PROVIDED MATERIAL:
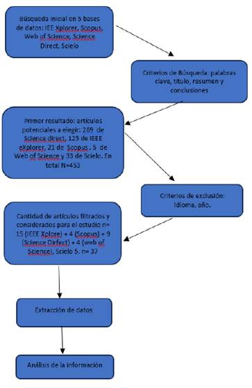 Una vez llevada a cabo la búsqueda en las tres bases de datos seleccionadas, e identificados los artículos potencialmente elegibles, debido a que contienen los términos previamente establecidos; se descargaron los artículos y de cada uno de ellos se analizó su título, resumen y conclusiones, con base en los criterios de exclusión, lo que permitió descartar varios artículos. En la sección de resultados se presentan los artículos que fueron considerados en el estudio, una vez que se eliminaron aquellos que no cumplieron con las condiciones requeridas. Los criterios de exclusión fueron los siguientes:
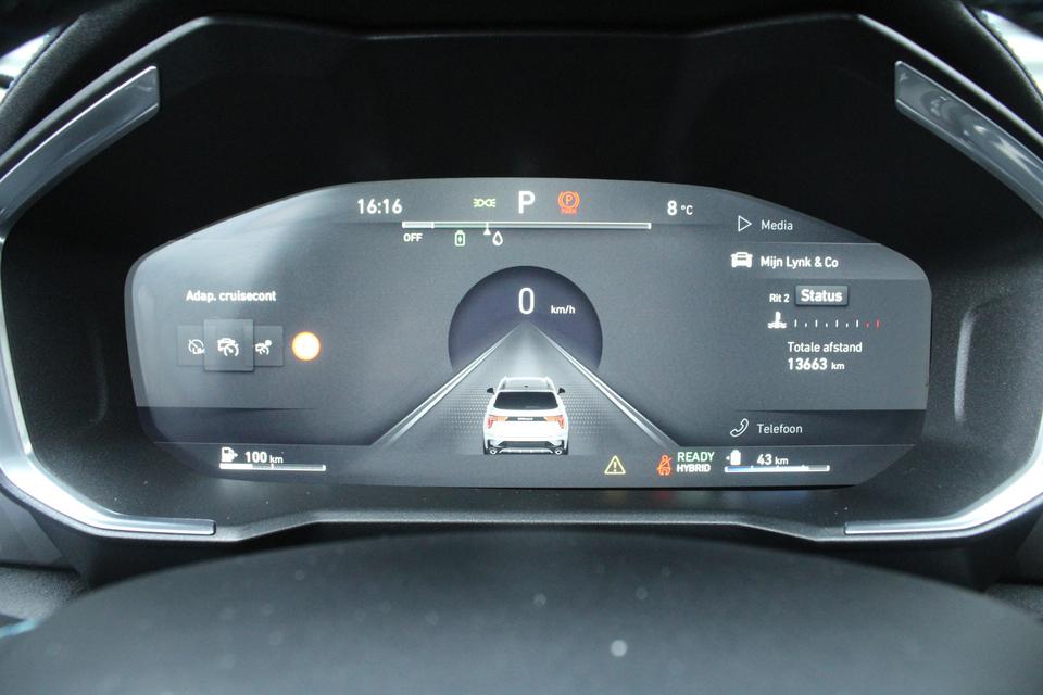 Het digitale dashboard zorgt voor een super functionele display van reisinformatie. Adaptive cruise control is veilig en comfortabel. De snelheidsregelaar houdt automatisch afstand tot het voertuig dat voor u rijdt. Rijden-stilstaan, rijden-stilstaan. Niks is irritanter en vermoeiender dan filerijden. Daar heeft deze Lynk & Co 01 een oplossing voor: de file assistent, die met radarmeting permanent het tempo aanpast op de voorligger. Zelfs als die stopt. In deze 01 vindt u niet alleen schakelaars op het stuur om het full map navigatiesysteem te bedienen en het audio-installatiesysteem met DAB-ontvangst, maar er is ook spraakbediening. Battery low? Even op de draadloze telefoonlader en gaan! U bent in deze Lynk & Co ook voorzien van WIFI-hotspot, achteropkomend verkeer waarschuwing, automatische airconditioning, parkeersensoren achter, regensensor en keyless entry.
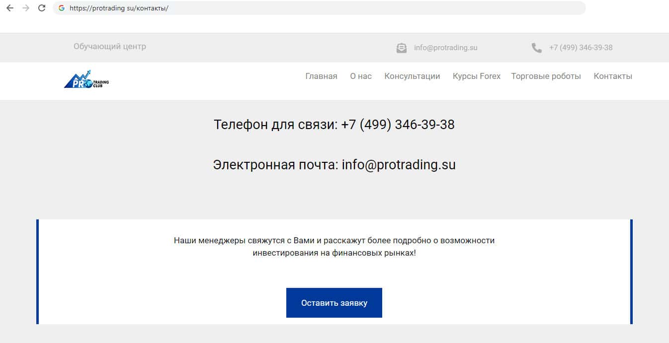 Единственный раздел сайта мошенников Про Трейдинг Су, где есть какая либо информация - это раздел контактов. Там указан номер телефона и адрес электронной почты лохотрона. По тим данным клиенты могут связываться с сотрудниками компании по личным вопросам. только почему то отсутствует адрес компании. Контактные данные лохотрона:
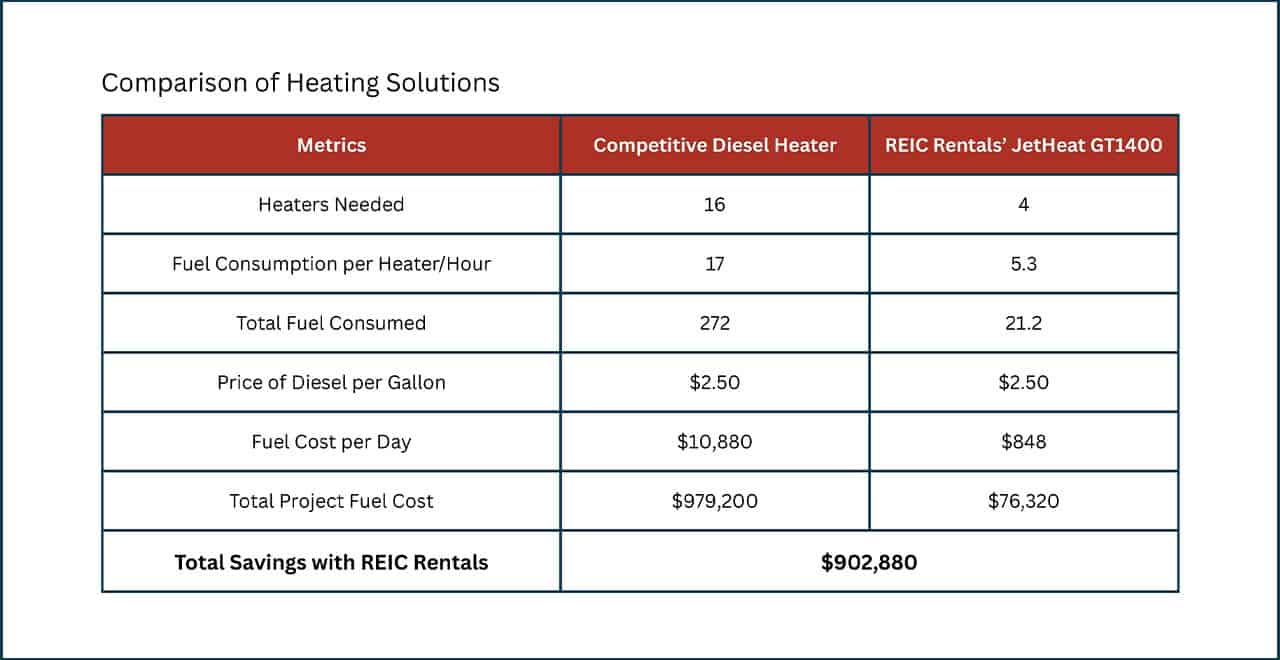 Despite record-low winter temperatures, REIC Rentals’ heating solution allowed the project to continue without delays. The flameless heaters delivered consistent heat without the need for external power sources and safely met all emissions and regulatory requirements.
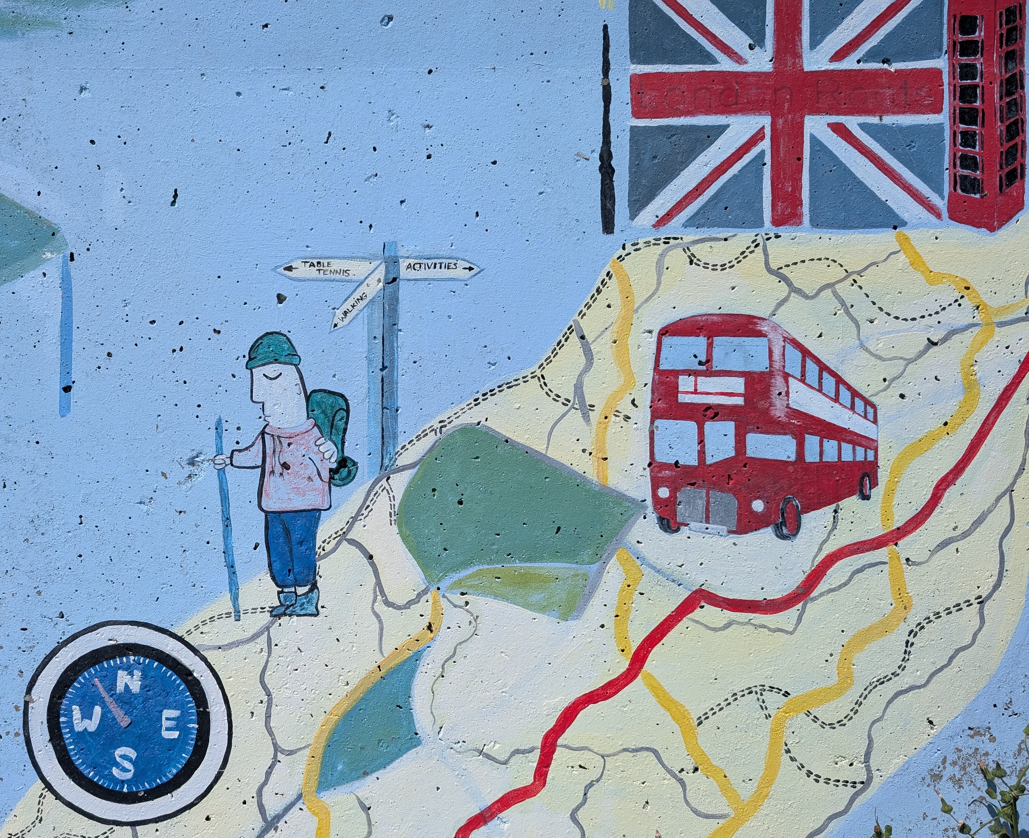 I walk clockwise, past the gas works, alongside the sea wall, to the natural landscape of the estuaries full of bird life. I pass by the Lobster Smack, which has the same vibe as the World’s End pub on the opposite shore. Cuckoos call and then can be seen, warblers of all persuasions chirped away in the rushes, and oystercatchers and dabbling ducks peck away in the mudflats. It is a quiet overgrown path, but an obvious route to the road bridge and the northern section of the island, passing the ominous flood defence gates on the way. At the eastern end, the marina contained the new and the old, a motley collection of rotting hulks and shiny new fibreglass vessels. The yacht club gave way to the sea wall, with a nice collection of murals depicting scenes relevant to the residents of Canvey – fishing, heritage and social life. It is a nice 22km, but I had energy left.
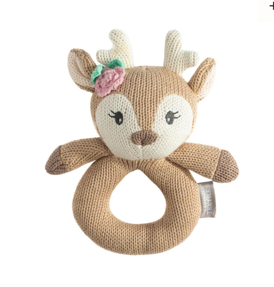 Wooden Comb & Fawn Rattle:** Beautifully crafted, natural wooden essentials by Living Textiles, showcasing Australian craftsmanship.
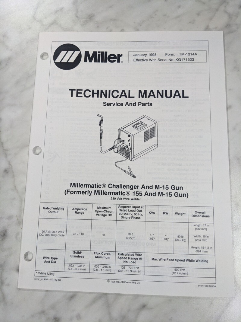Miller Welder Techinical Manual Service Parts Challenger Millermatic Tm-1314A
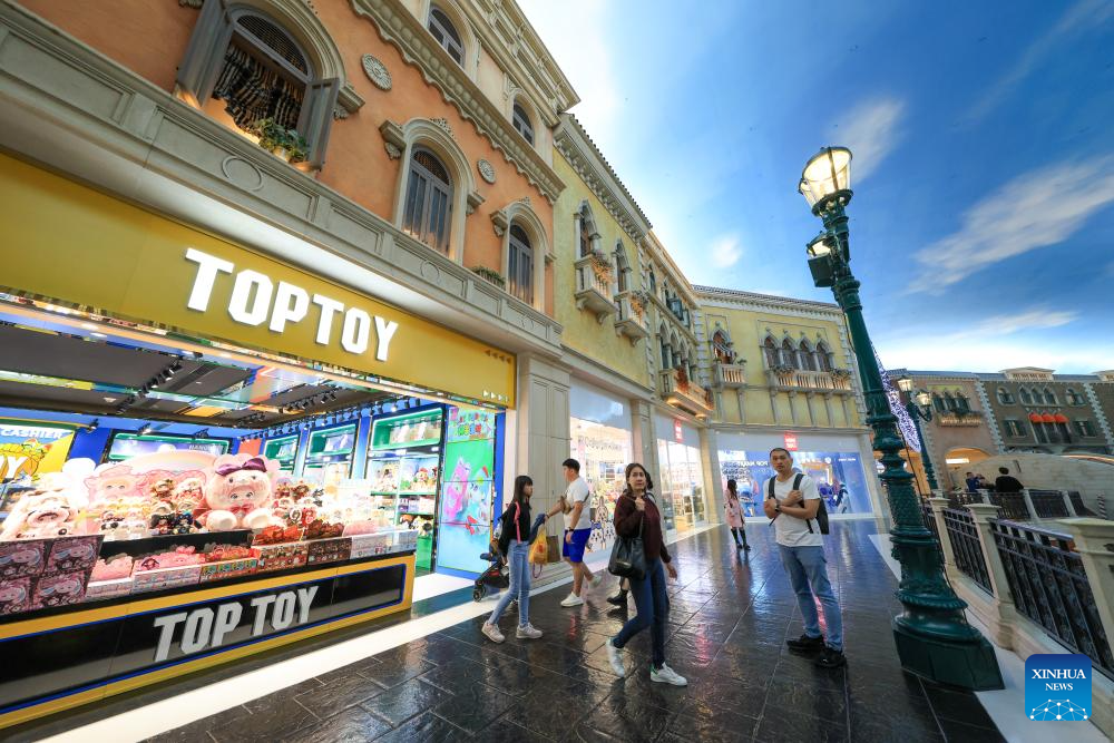 Tourists walk past a TOP TOY store in Macao, south China, Dec. 11, 2025.
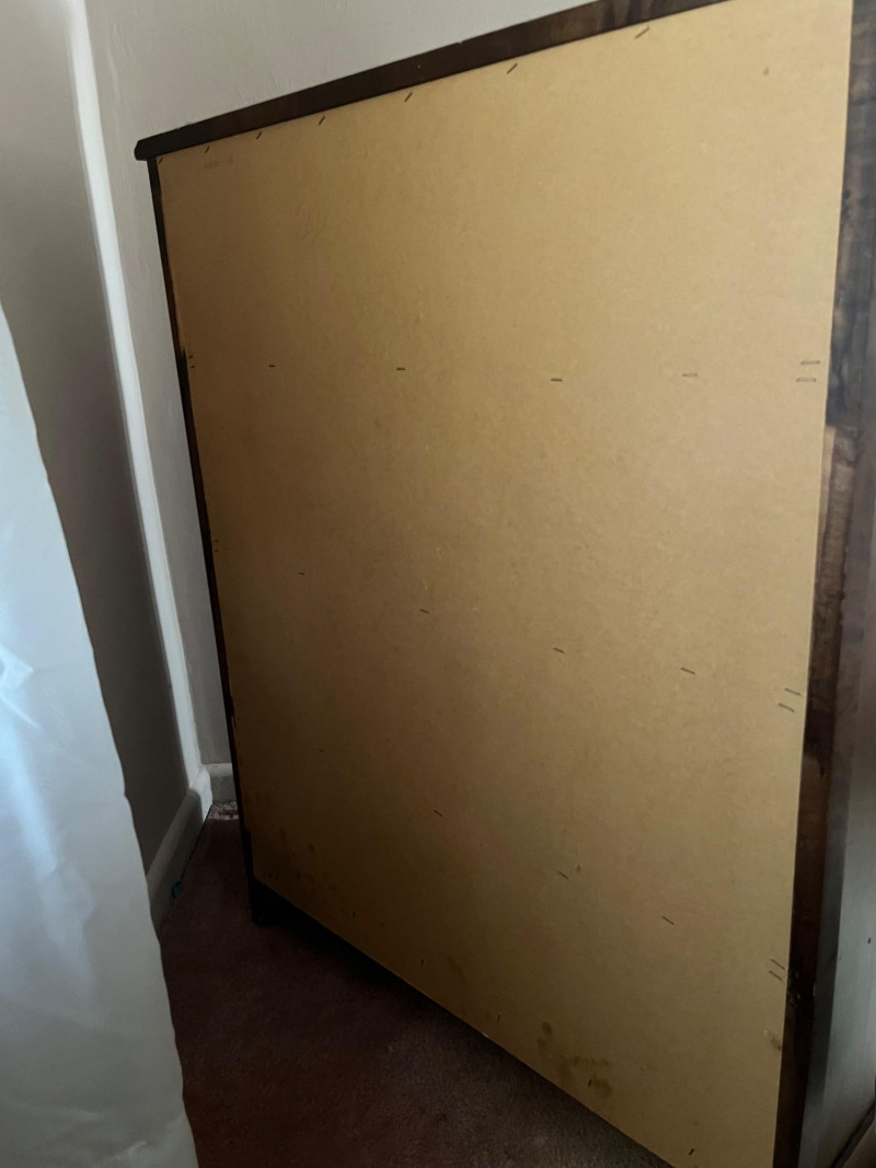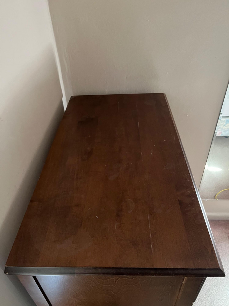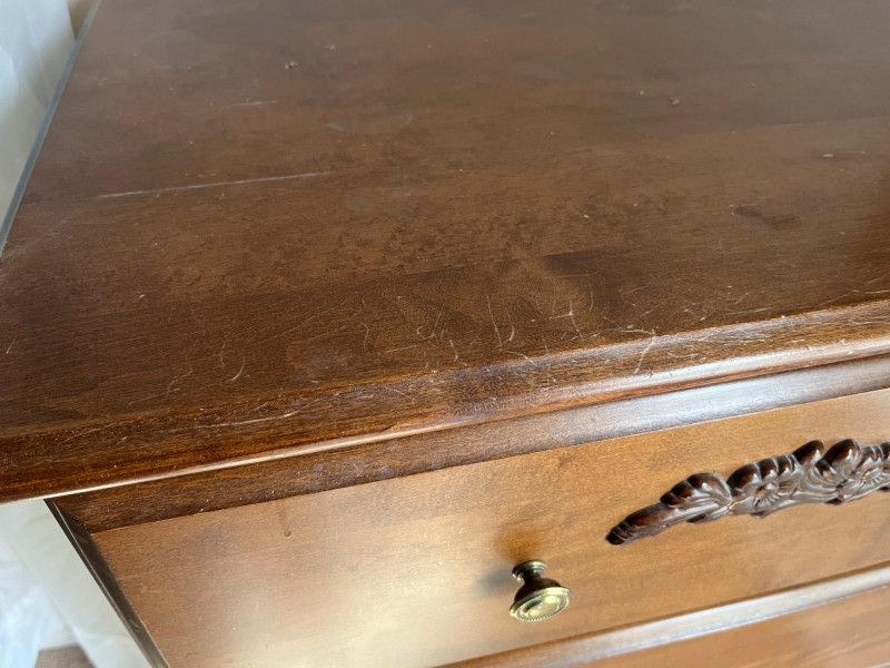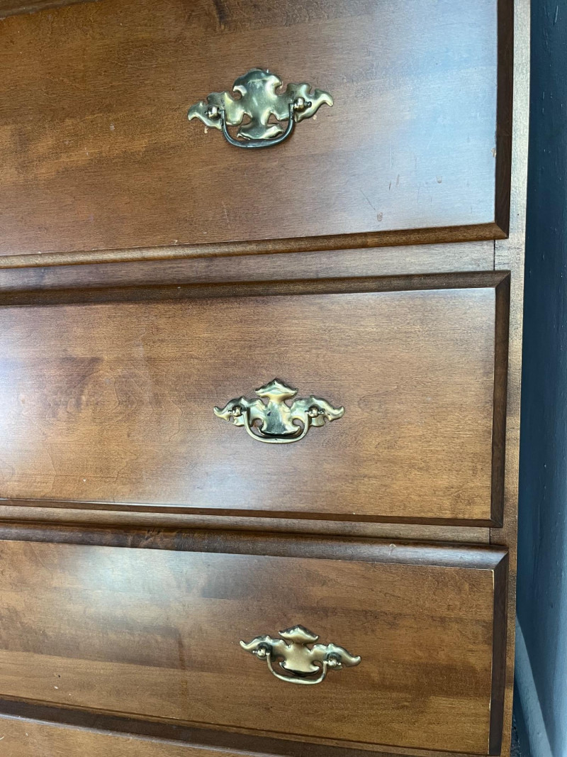Classic wooden dresser featuring four smoothly operating drawers and a warm medium‑brown finish. The top drawer displays an ornate carved floral motif, adding decorative character to the piece. Each drawer is fitted with traditional brass‑tone hardware, and interiors show natural wood grain; one drawer includes patterned paper lining. The dresser presents well with age‑appropriate wear consistent with use. Drawers open and close properly, and the piece offers sturdy, functional storage with vintage charm suitable for bedroom, hallway, or decor‑focused settings.

ABOUT THIS EXERCISE: In the listing above, find the line containing "Wooden Comb &" and the line containing "Tourists walk past", then return both of them and every line between, exactly, without pictures.

RESPONSE TO THIS EXERCISE:
 Wooden Comb & Fawn Rattle:** Beautifully crafted, natural wooden essentials by Living Textiles, showcasing Australian craftsmanship.
Miller Welder Techinical Manual Service Parts Challenger Millermatic Tm-1314A
 Tourists walk past a TOP TOY store in Macao, south China, Dec. 11, 2025.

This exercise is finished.